2015 marks the 150th anniversaries of seminal discovery by Kekulé that benzene nucleus are cyclic.  This year is also 190th since the first report of benzene by Faraday in 1825. Benzene represents the concepts of aromaticity and delocalization that have been of paramount significance in a variety of fields in chemistry. In addition, due to the high stability as well as the unique properties, benzene has been widely utilized as a structural unit in industrial products such as dyes, plastics, electronics materials, and even pharmaceuticals. The various natures induced from benzene highly depend on the substituents. In other words, if their synthesis can be done at will, we would control the chemical and physical behaviour of benzene derivatives. Among them, hexaarylbenzenes which features six different aryl groups over the C6 skeleton of benzene have been recognized as highly challenging synthetic targets because of the limitation in constructing such starburst motifs. Hence, a truly general mean is prerequisite for that.
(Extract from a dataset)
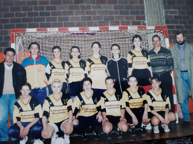 Na fotografiji su, stoje, trener Nimo Nimanović, Ramiza Čabrić, Aida Pajić, Lejla Slato, Lejla Hadžajlija, Rašela Faladžić, Samira Hadžihusejnović, trener Enver Nimanović, predsjednik kluba rahmetli Mujo Mustafić, čuče, Lamija Ljeljak, Sanela Pajić, Azemina Bajramović, Mirela Macić, Mirnesa Macić, Lana Krčenda .

So, what kinds of approaches are plausible to introduce six aryl groups into benzene skeleton at will? One might propose successive cross-coupling reactions employing the different aryl groups. However, it seems not practical as the problem on the control of the position of substitution could occur. Further, the last coupling reaction would be hampered by the steric repulsion. Then, what about the [2+2+2] cycloaddition using diarylacetylene? This method also seems to involve a difficulty in controlling the position of substituents.
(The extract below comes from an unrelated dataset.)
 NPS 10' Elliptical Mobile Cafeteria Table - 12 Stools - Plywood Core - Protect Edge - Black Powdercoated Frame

Here I would like to introduce a recent “Cool” paper demonstrating a beautiful chemistry on the synthesis of hexaarylbenzene.
“Synthesis and characterization of hexaarylbenzenes with five or six different substituents enabled by programmed synthesis”
Suzuki, S.; Segawa, Y.; Itami, K.; Yamaguchi. J. Nat. Chem. 7, 2015. 26-Jan online. (DOI: 10.1038/nchem.2174)
Synthesis of thiphene derivatives bearing four different substituents
Yamaguchi, Itami and coworkers developed a method to prepare thiophene and thiazole derivatives bearing four or three different substituents in advance. 
3-methoxy-thiophene was selected as the starting material because the methoxy group acts as a directing group at the initial step, and can be functionalized in the later reaction. Although they had invented a method to introduce the first aryl group Ar1 at 2-position of the thiophene directly via a C–H coupling reaction, to increase the yields, here they employed one-pot two-step reaction involving bromination and Suzuki-Miyaura cross-coupling.
2nd aryl group Ar2 was introduced at 4-position via a direct C-H coupling reaction in which they improved the extant reaction condition to increase the yields.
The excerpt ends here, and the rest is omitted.